Compare with the $L^2$ case

In [None]:
plot_kernel_dist(model, 'l2_regularized')

Compare with baseline

In [None]:
plot_kernel_dist(model, 'baseline')

# Early Stopping

Here we will implement the early stopping method. This is supported in keras via the `EarlyStopping` callback. 

In [None]:
from tensorflow.keras.callbacks import EarlyStopping

In [None]:
early_stopper = EarlyStopping(
    monitor='val_loss',
    min_delta=0,
    patience=5,
    verbose=1,
)

In [None]:
model = build_model()

Here, we need to be careful about how to perform early stopping.

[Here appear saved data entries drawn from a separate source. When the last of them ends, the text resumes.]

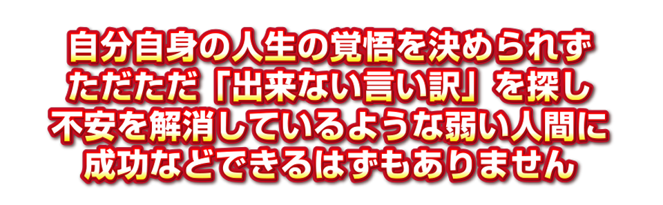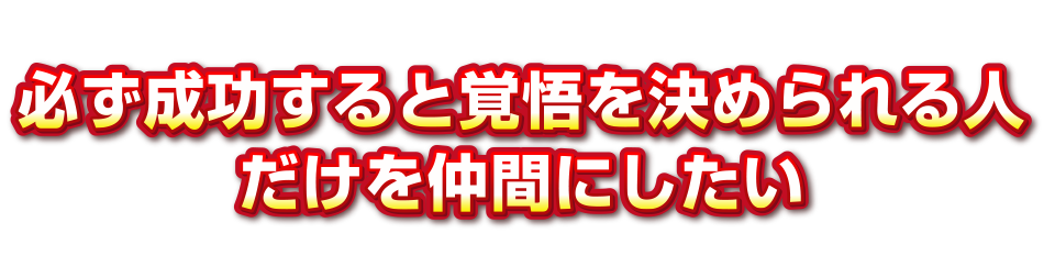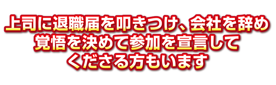 それに対し不服を感じるような最初から逃げを意識している方も、申し込み自体をしないようにお願いいたします。何が何でも言い訳せずに必ず成功すると覚悟を決められる方だけに参加していただきたい趣旨とお願いです。)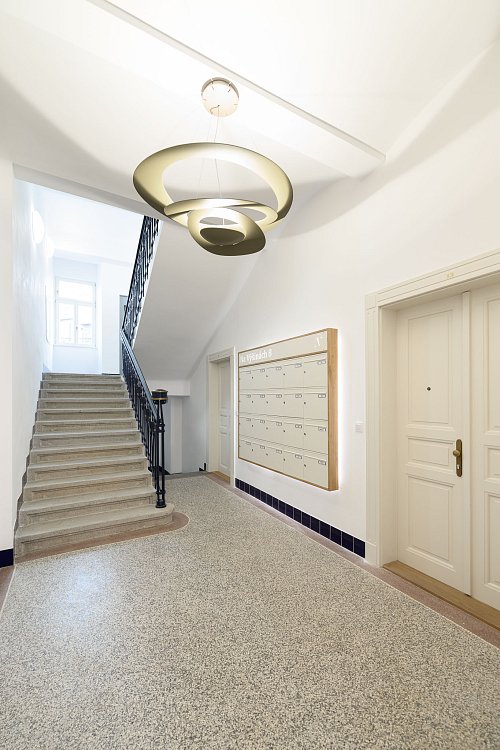 Celý dům prošel rozsáhlou rekonstrukcí. Díky řešení Shell & Core má budoucí majitel jednotky možnost individuálně upravit interiér podle vlastního vkusu.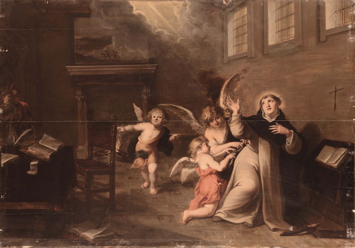 Scuola Fiamminga del XVII secolo Santo monaco con cherubini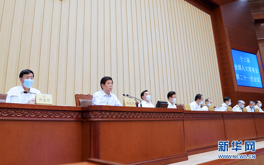 8月8日,十三屆全國人大常委會第二十一次會議在北京人民大會堂舉行第一次全體會議,栗戰(zhàn)書委員長主持。 新華社記者 張領(lǐng) 攝
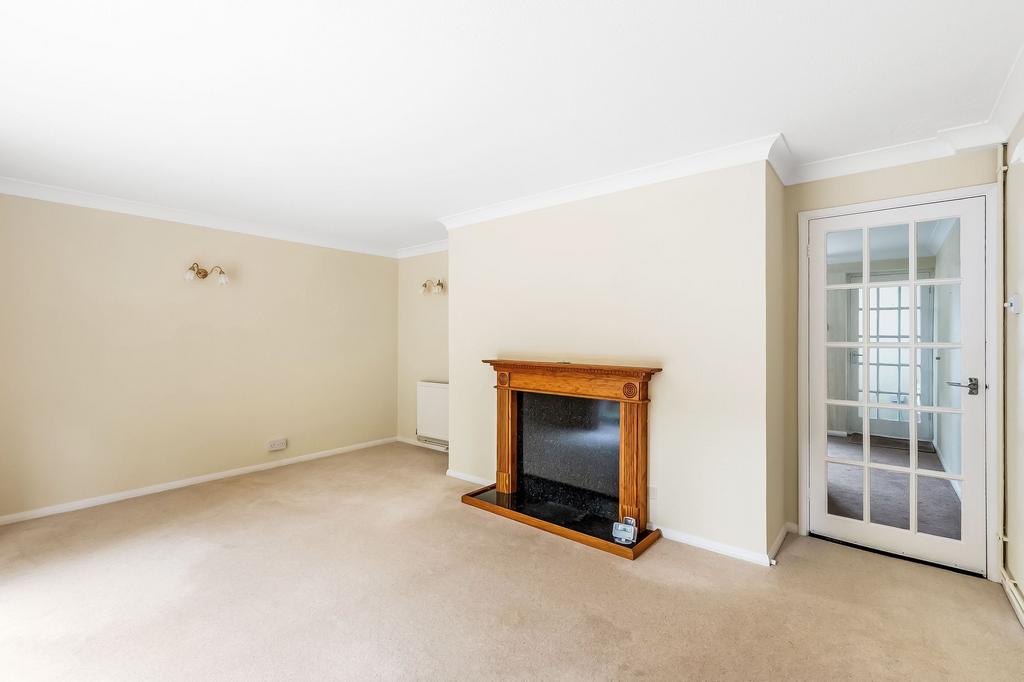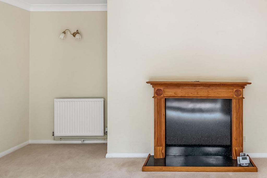 A bright dining room with a large front window creates a warm and airy space for family meals or entertaining. The adjoining kitchen is well presented with generous storage and practical worktop space. To the rear, the light-filled living room is a standout feature, with sliding doors opening onto the patio and a central fireplace creating a cosy focal point.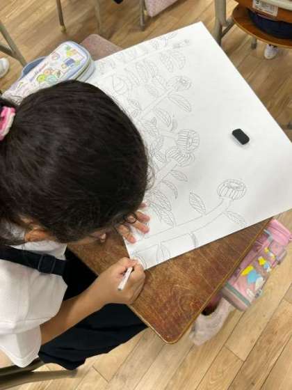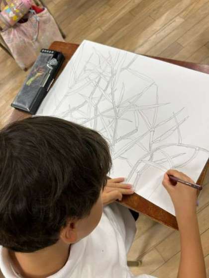 葉っぱの線や花びらの特徴など細かいところまでしっかり見て描くことができています。
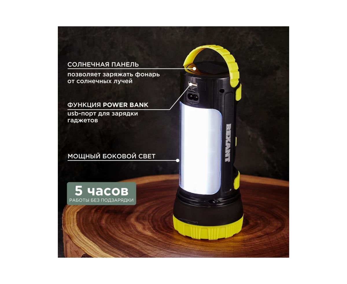 Преимущества REXANT с боковым светом, powerbank, солнечная батарея 75-7822

First, we will define a validation set to use for early stopping.

In [None]:
history = train_and_save(
    model=model,
    path='early_stopping',
    callbacks=[TqdmCallback(verbose=0), early_stopper],
    validation_data=None,
    validation_split=0.1,
)

Now, we retrain on the whole training set with the number of epochs equal to the stopping point.

In [None]:
model = build_model()

In [None]:
history = train_and_save(
    model=model,
    path='early_stopping',
    callbacks=[TqdmCallback(verbose=0)],
    epochs=len(history),
)

In [None]:
evaluate(model=model, train_data=(x_train, y_train), test_data=(x_test, y_test))
history.plot(x=None, y=['loss', 'val_loss'])
history.plot(x=None, y=['binary_accuracy', 'val_binary_accuracy'])

# Adding Noise

Now, we consider adding noise to the inputs and features using the `GaussianNoise` layer, which adds i.i.d. Gaussian noise to each input/hidden features.

In [None]:
from tensorflow.keras.layers import GaussianNoise

In [None]:
model = Sequential()
model.add(GaussianNoise(0.5, input_shape=(27, )))
model.add(Dense(256, activation='relu'))
model.add(GaussianNoise(0.5))
model.add(Dense(128, activation='relu'))
model.add(GaussianNoise(0.5))
model.add(Dense(1, activation='sigmoid'))

In [None]:
history = train_and_save(model=model, path='adding_noise')

In [None]:
evaluate(model=model, train_data=(x_train, y_train), test_data=(x_test, y_test))
history.plot(x=None, y=['loss', 'val_loss'])
history.plot(x=None, y=['binary_accuracy', 'val_binary_accuracy'])

# Dropout

We will implement the efficient model-ensembling technique called dropout. This can be easily done using the pre-defined `Dropout` layer in `keras`. 

In [None]:
from tensorflow.keras.layers import Dropout

In [None]:
model = Sequential()
model.add(Dense(256, activation='relu', input_shape=(27, )))
model.add(Dropout(rate=0.95))
model.add(Dense(128, activation='relu'))
model.add(Dropout(rate=0.95))
model.add(Dense(1, activation='sigmoid'))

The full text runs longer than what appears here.